The main function of topo IV in bacteria is to disentangle and unknot DNA in order to unlink chromosomes. Topo IV is generally located at DNA replication forks to relax positive supercoiled DNA and to work with chromosome segregation machinery.

In general, type II topoisomerases undergo a strand-passage mechanism to disentangle chromosomes. During replication, positive supercoils are created ahead of the replication fork and precatenanes behind the fork. Topo IV removes positive supercoils, catenanes, and knots so that replication can occur. Its mechanism occurs through a cycle, beginning when one DNA duplex, the “gate” or G-segment, binds to the cleavage complex. When the ATPase domains bind to ATP, they dimerize and capture a second DNA duplex, the “transfer” or T-segment. This causes a double-strand break in the G-segment and subsequent passage of the T-segment through the gap (termed the DNA-gate) opened by the G-segment. The G-segment is then resealed and both DNA duplexes are released from the enzyme.

Strand-passage mechanism of topo IV
Strand-passage mechanism of topo IV

Structural Description

The active site is a tetramer made up of and subunits. The ParC subunit contains an N-terminal DNA breakage-reunion domain, which is linked to the C-terminal domain (CTD) that forms a β-pinwheel shape and functions for DNA binding. This favors the passage of DNA and DNA unlinking from the complex. In contrast, the N-terminal of the ParE subunits forms the ATPase domain. Additionally, ParE has a C-terminal Mg2+ binding domain. The C-gate consists of the two ParC subunits and the G-gate consists of the two ParE subunits.
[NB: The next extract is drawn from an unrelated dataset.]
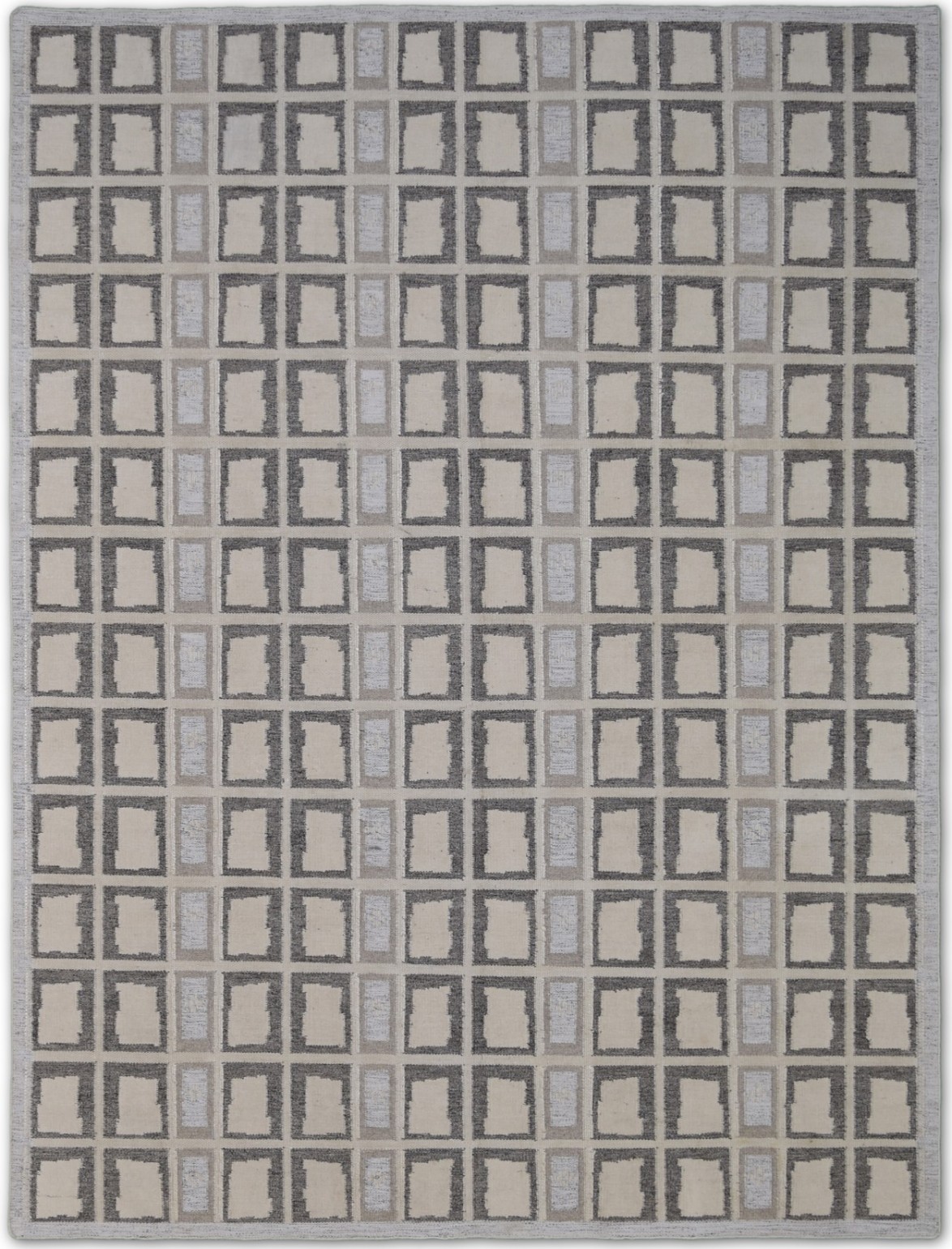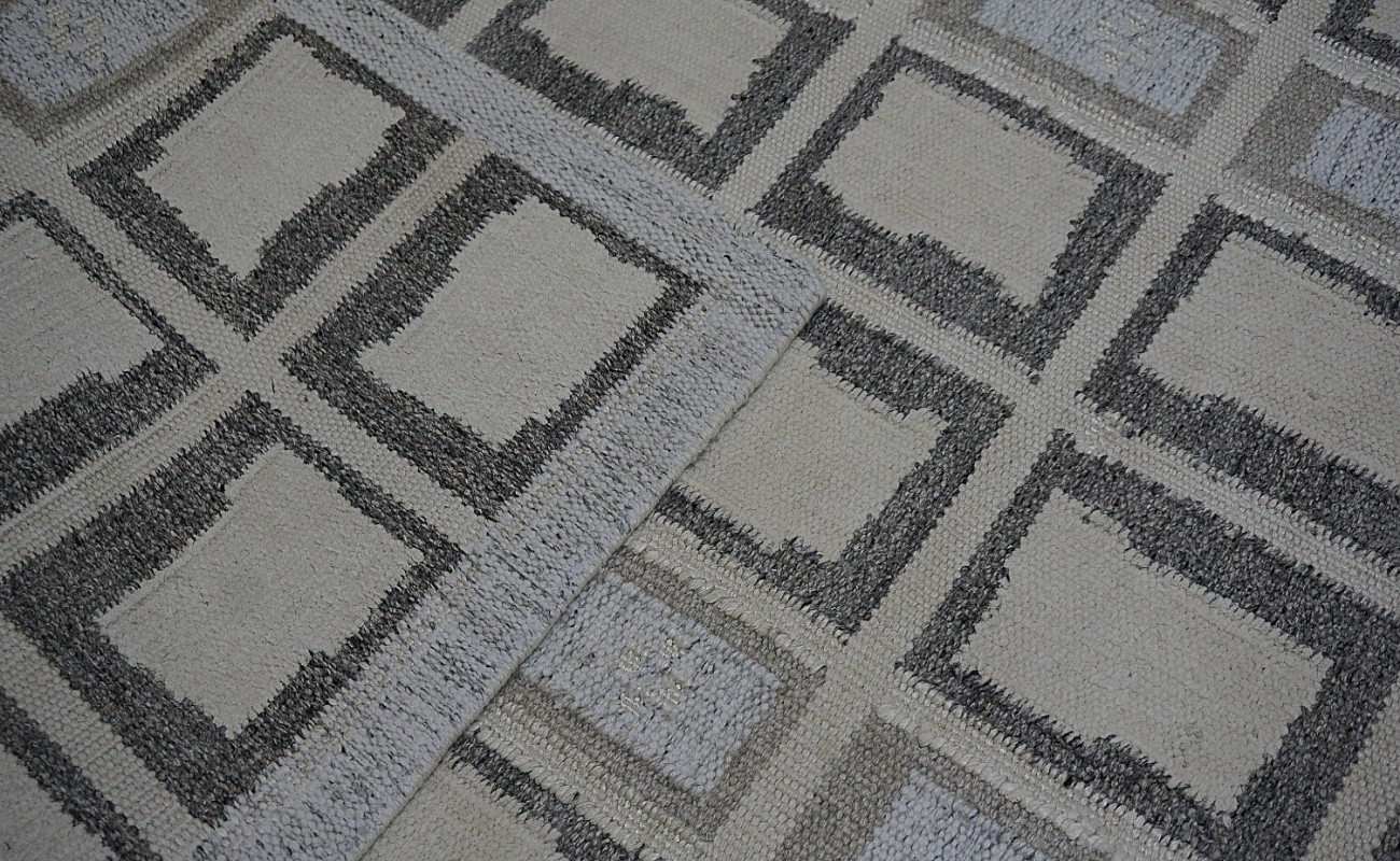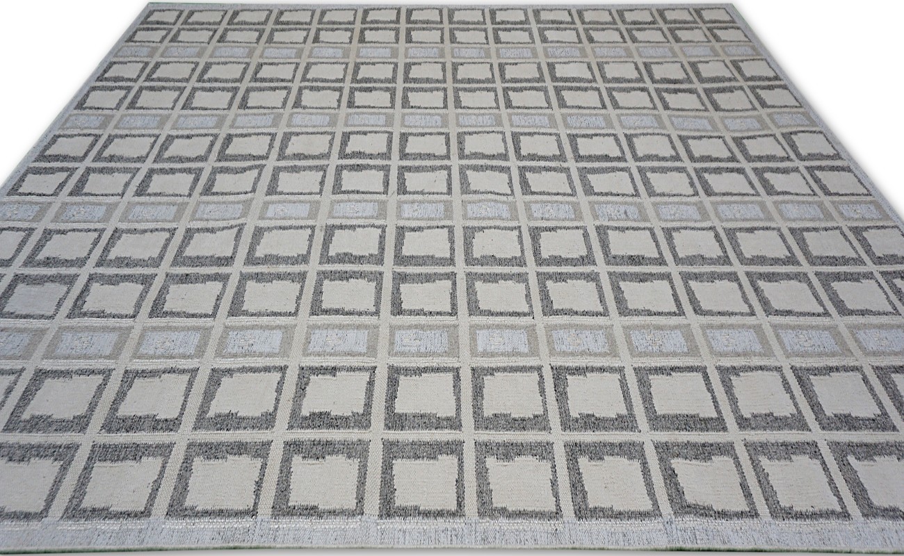 A modern hand knotted Swedish design wool rug offers a flatweave but sturdy ground.

Structural Features Relating to Function

Upon binding the ATPase domains, the G-segment distorts from linear B form to bent and extended A form DNA. The T-segment approaches and is “captured” by the ATPase domains. When the T-segment is “captured”, it moves to the middle of the two ATPase domains. Topo IV intercalates the T-segment into its major groove to provide binding stability. Once the two DNA duplexes are in place, the ATPase domains use ATP to cause cross interpolation of the first 20 residues of ParE and dimerizing the two ATPase domains. This causes DNA cleavage in the G-segment by both ParC and ParE. Y118 on ParC bind to 5’ phosphates on the G-segment to cause a double-stranded break. This, paired with the torsional stress on the G-segment, mediate the cleavage. When the DNA-gate opens to let the T-segment through, the ATPase domains rotate the T-segment by 45˚ and simultaneously moves alpha helices from the ParE subunits out of the way for the T-segment to pass. Once the T-segment is next to the C-gate, the G-gate closes and reseals the G-segment, which causes T-segment release by the opening and closing of the C-gate. Closure of the G-gate is caused by the ATPase domains rotating to its original position, inducing ATP hydrolysis, and releasing ADP and the G-segment.

Quinolone

Quinolone targets type II topoisomerases and is a very important drug for microbial infections as bacteria are gaining resistance to β-lactam antibiotics. Although its resistance is less than β-lactam antibiotics, there is still a need to produce new drugs of this kind to bypass resistance mutations. Quinolones prevent the strand passage of the T-segment through the N-gate by trapping the covalent enzyme-DNA complex to prevent DNA resealing and causing apoptosis. Quinolone interacts with magnesium and three key residues, in the topo IV active site and decreases DNA replication.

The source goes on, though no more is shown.